▽
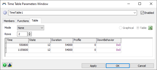 The main purpose of the Time Table object is to define scheduled periods of down-time for objects in the model. These down periods are defined by two numbers: a down time and a duration. The down period begins at the specified down time and will last for the specified duration in model time units. The functions on the Functions tab give you control over what happens to the objects listed in the Members tab at the beginning and end of each down period.
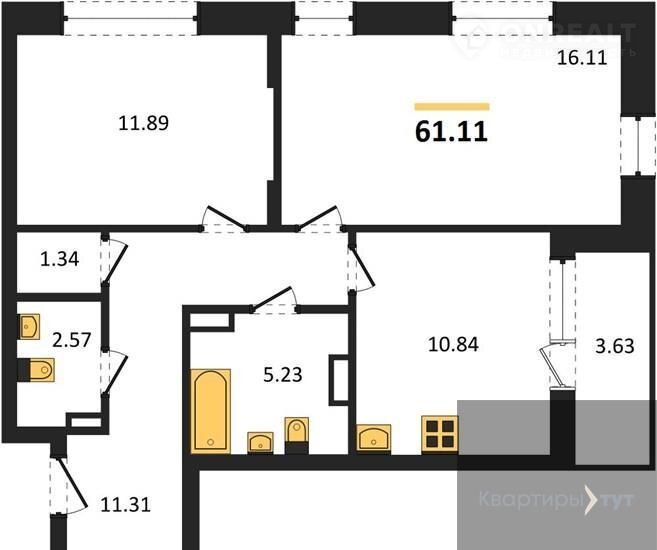 Общая площадь 61.1 м2
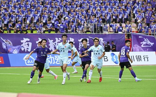 10月2日对战南充队时,这份倔强更显滚烫:游爽虽没能上场,却坐在替补席上紧盯赛场,用嘶吼为队友加油,随时准备待命;陈嵩脸上缠着厚厚的白色绷带,汗水顺着缝隙往下淌,模糊了视线仍上场拼命防守;杨一跑动时刻意护着伤处,可每当南充队发起进攻,他依旧第一个冲上去封堵。
△
The data above should be repeated exactly, minus any pictures.

 The main purpose of the Time Table object is to define scheduled periods of down-time for objects in the model. These down periods are defined by two numbers: a down time and a duration. The down period begins at the specified down time and will last for the specified duration in model time units. The functions on the Functions tab give you control over what happens to the objects listed in the Members tab at the beginning and end of each down period.
 Общая площадь 61.1 м2
 10月2日对战南充队时,这份倔强更显滚烫:游爽虽没能上场,却坐在替补席上紧盯赛场,用嘶吼为队友加油,随时准备待命;陈嵩脸上缠着厚厚的白色绷带,汗水顺着缝隙往下淌,模糊了视线仍上场拼命防守;杨一跑动时刻意护着伤处,可每当南充队发起进攻,他依旧第一个冲上去封堵。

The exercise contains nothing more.